MEMPHIS — They were no longer in uniform, but a half-dozen military veterans completed a most difficult tour of duty recently as the first graduates of the Shelby County Veterans Court.
The innovative second-chance program allows veterans to have their criminal cases set aside while they participate in an intensive program that includes counseling, group meetings, alcohol and drug screens, anger management and participation in other support programs.
"You have completed a yearlong mission," Judge Bill Anderson Jr. told the veterans in a courtroom packed with supporters. "We're trying to make a difference to help those who've helped us for so long."

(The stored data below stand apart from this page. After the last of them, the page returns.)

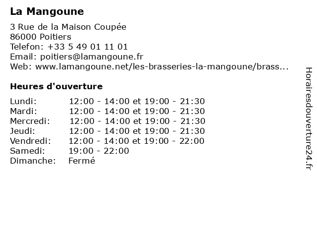 | Mardi | 12:00-14:00 et 19:00-21:30 |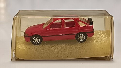90'lı yılların Avrupa yollarındaki en bilinen aile otomobillerinden biri olan Ford Escort'un beşinci nesli (MKV), "Ghia" donanımının getirdiği lüks ayrıntılarla Busch'un 1:87 ölçekli üretimiyle öne çıkıyor. Kırmızı rengin enerjisini taşıyan bu model, Escort'un o dönemki yuvarlak hatlı tasarımını ve kompakt sedan yapısını yansıtıyor. Busch, aracın karakteristik ön farlarını, ızgarasını ve Ghia donanımına özgü jant kapaklarını bu mikro ölçekte oldukça başarılı bir biçimde aktarmış. Orijinal kutusu yerine alternatif bir kutu içinde özenle koruduğum bu parça, sıfır durumdadır.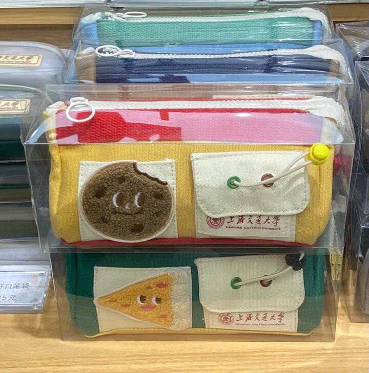 买了我对象他们学校的这些文创。这个笔袋很可爱,庙门这个挂件和摇摇乐挂件买了一对。
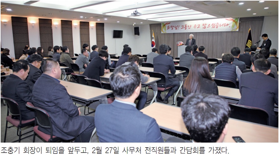 대한건축사협회(이하 사협) 조충기 회장이 퇴임 및 인수인계를 앞두고, 2월 27일 건축사회관 국제회의실에서 사무처 전직원들과 간담회를 가졌다. 조 회장은 “3년간의 임기동안 협회가 건축정보센터, 연구원 등 긍정적인 효과를 거둘 수 있도록 힘써준 사무처 직원들에게 고맙다”며 “사람들이 많이 찾는 살찌는 협회가 되길 바란다”고 격려 인사를 전했다. 한편, 회장 및 임원 이·취임식은 3월 5일(월) 오후 4시 서울 서초동 건축사회관 1층 대강당에서 개최된다.

He gave each graduate a commemorative coin with the Shelby County Veterans Court inscription and told them it was a symbolic key to the courtroom; they can return to visit, seek further help or mentor other veterans.
They also got the criminal-justice equivalent of honorable discharge papers -- expungement orders signed by the judge erasing their offenses from the public record.
"So many times vets get left behind," said graduate Richie Ingram, a Desert Storm-era Army veteran who says he has "stayed straight" and participated in assigned Veterans Affairs programs.
Ingram had a drunken-driving charge, but that was reduced to reckless driving, which made him eligible for Veterans Court. "We've got a long way to go, but this is a good start," he said. "I'm doing OK."
The court holds session every Wednesday. There are 42 other veterans participating in its programs who hope to graduate and start with a clean slate.